Why CEO Pay Matters to Stock Performance
Money isn’t everything.
It may strike you as an odd thing to say since the point of investing is to make money.
However, it turns out that when there’s an obsession with money on a multitude of levels, things can backfire, including in terms of corporate performance.
Widening Wage Gap
It’s no secret that the gap between the very rich and everyone else has widened sharply, with corporate bigwigs commanding ever bigger pay packages. In 1970, U.S. CEOs, depending on whose figures you use, on average were paid around 10 times more than the median earned by their employees. Today, the ratio has soared to more than 250:1, and some estimates put it as high as 500:1. Whichever figure you use, it’s many times higher here than anywhere else. In Germany, Great Britain, France, and Japan, for instance, the average ratio is less than 20:1.

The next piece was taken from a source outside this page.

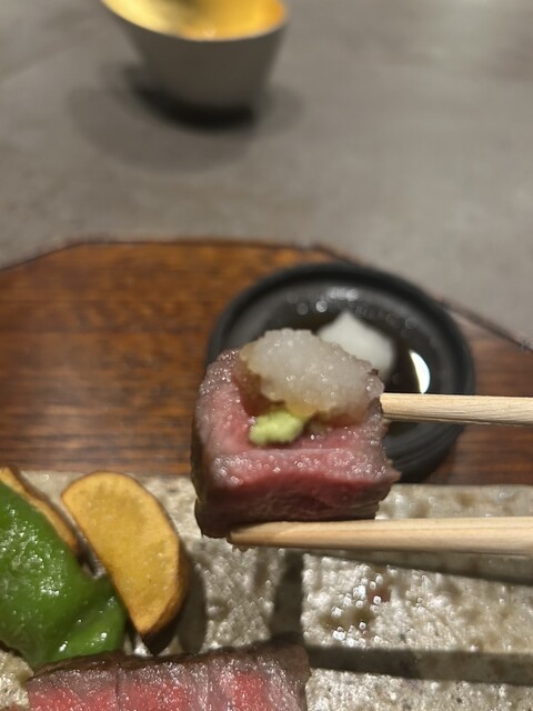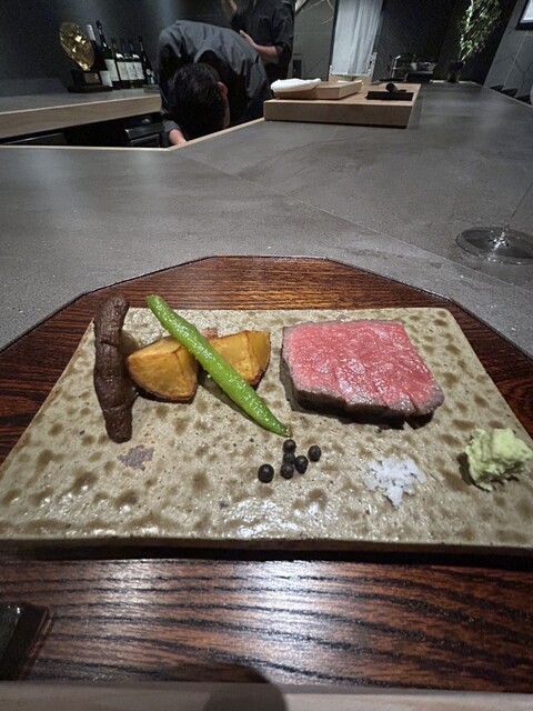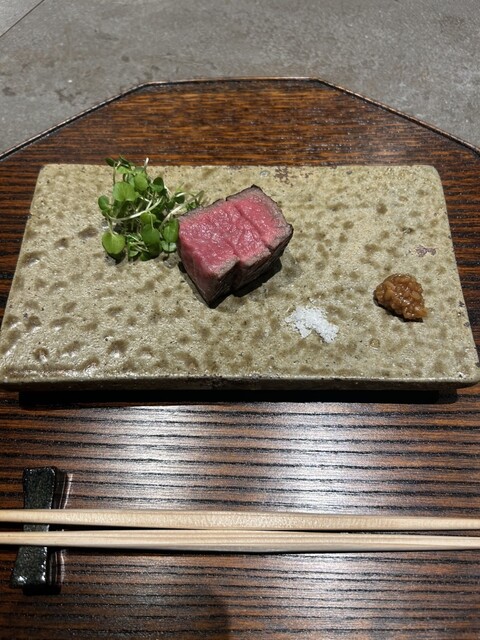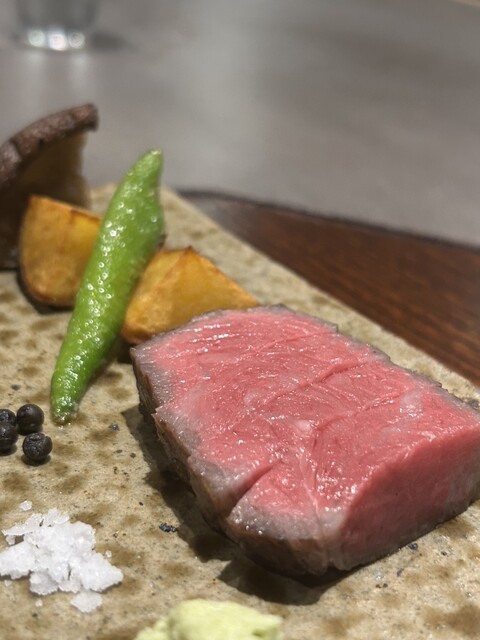 低温調理された牛肉のステーキは柔らかく、塩や山葵とともにシンプルに楽しむことで素材の力を実感できた。

Whether this bothers you or not on moral grounds, the data indicates that companies with the highest-paid executives tend to underperform in the stock market. That corresponds with other areas where more money spent doesn’t produce better outcomes. For instance, the U.S. spends far more per capita on health care than any other country. Yet life expectancy here recently tumbled to levels not seen since 1996. It’s now at about 76 years – around four years below Chile, a country we outspend by more than 4:1.
It’s a similar story for education. Every three years, around 80 countries participate in giving tests to 15-year-olds. In today’s world, the most important skill tested is in math. In the early 1970s and before, our high schools were known for graduating highly trained math students. Today – although only tiny Luxembourg outspends us on a per-capita basis on education – we’re 37th in the world in math scores.
Higher CEO Pay Correlated With Stock Under-Performance
And mattering the most to investors, the principle that money isn’t the key to better outcomes shows up in corporate performance. In their proxy statements, companies must include salaries of officers along with the median salary of employees. We looked at the latest list for S&P 500 companies and compared the stock market performance of the 15 companies with the lowest ratios to that of the 15 with the highest ratios.
It turns out that over the past five years, the low-ratio companies outperformed the high-ratio companies. What makes this striking is that this is true despite incentives paid to executives who boost stock performance. It seems that a focus on high executive compensation can partially backfire by failing to motivate the company as a whole. A smaller pay gap seems to boost the entire company. On this count, a nod goes to a group of London-based social psychologists who have shown that the more a person cares about money, the more likely that person is to treat other people as mere objects.
These results are meant to be only suggestive. Companies may have high pay gaps for various reasons, such as employing a lot of part-time workers. Still, given the higher performance of the lower-ratio 15, the suggestion is that too large a pay gap may create a work environment in which employees don’t feel valued and so don’t do their best. Pay gaps are intrinsic to capitalism, and we’re all for them. But if they become too great, and the big boss regards employees as tools, not as valued team members, the overall results may be negative for the company.
Pay gaps aren’t the only metric we could have looked at. For instance, comparing total CEO compensation yields similar results, is strongly correlated with pay gaps, and is possibly less dependent on the type of business involved. Whatever metric you use, the message is that while money is good, there can be too much of a good thing.